TASK DETAILS | Where the line containing "過去に実施していた『ゆうぞら" appears below, begin there and reproduce each line exactly through the last one, omitting pictures.

DATASET EXTRACT |
- - -

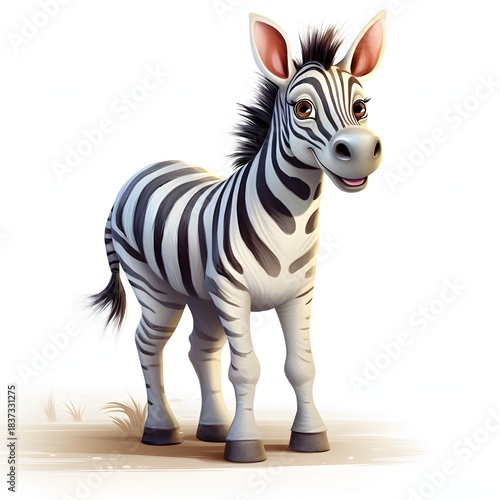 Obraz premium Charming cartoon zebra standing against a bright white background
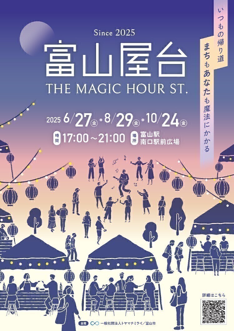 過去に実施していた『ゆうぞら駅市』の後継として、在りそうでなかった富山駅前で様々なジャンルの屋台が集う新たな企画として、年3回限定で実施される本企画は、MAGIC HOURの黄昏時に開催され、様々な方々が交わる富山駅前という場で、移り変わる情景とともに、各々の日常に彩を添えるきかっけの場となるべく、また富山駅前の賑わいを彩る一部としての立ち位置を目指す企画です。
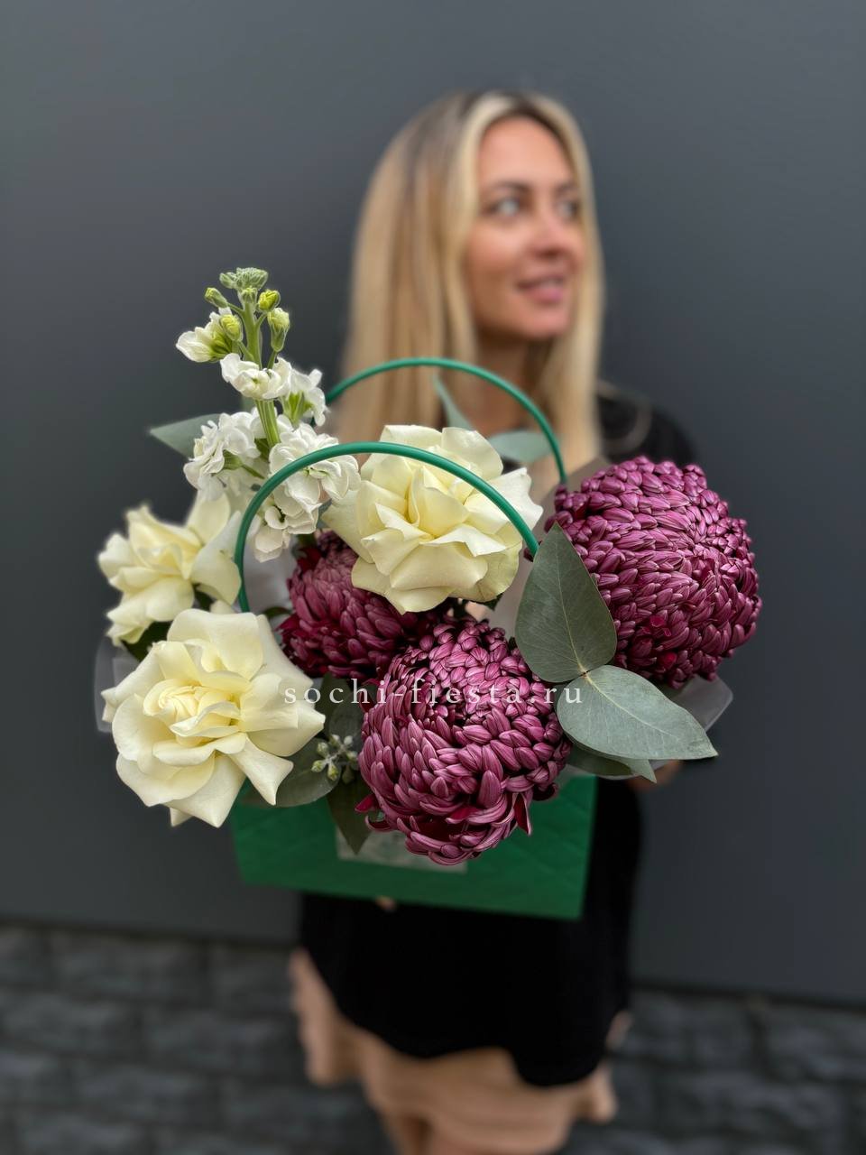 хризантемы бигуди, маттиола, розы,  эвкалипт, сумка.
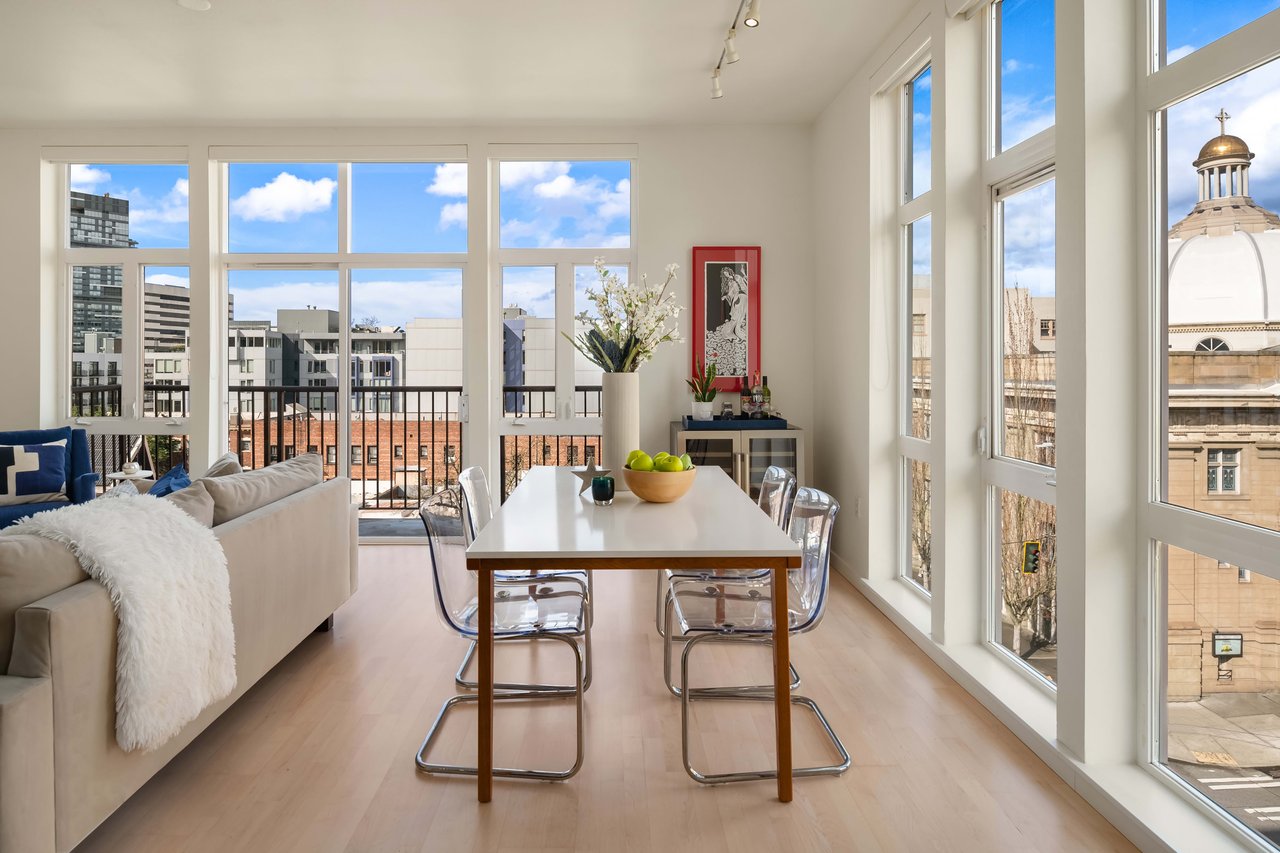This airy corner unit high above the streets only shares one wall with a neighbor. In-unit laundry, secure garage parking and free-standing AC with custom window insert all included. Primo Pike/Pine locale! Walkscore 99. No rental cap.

- - -

WORKED SOLUTION |
 過去に実施していた『ゆうぞら駅市』の後継として、在りそうでなかった富山駅前で様々なジャンルの屋台が集う新たな企画として、年3回限定で実施される本企画は、MAGIC HOURの黄昏時に開催され、様々な方々が交わる富山駅前という場で、移り変わる情景とともに、各々の日常に彩を添えるきかっけの場となるべく、また富山駅前の賑わいを彩る一部としての立ち位置を目指す企画です。
 хризантемы бигуди, маттиола, розы,  эвкалипт, сумка.
This airy corner unit high above the streets only shares one wall with a neighbor. In-unit laundry, secure garage parking and free-standing AC with custom window insert all included. Primo Pike/Pine locale! Walkscore 99. No rental cap.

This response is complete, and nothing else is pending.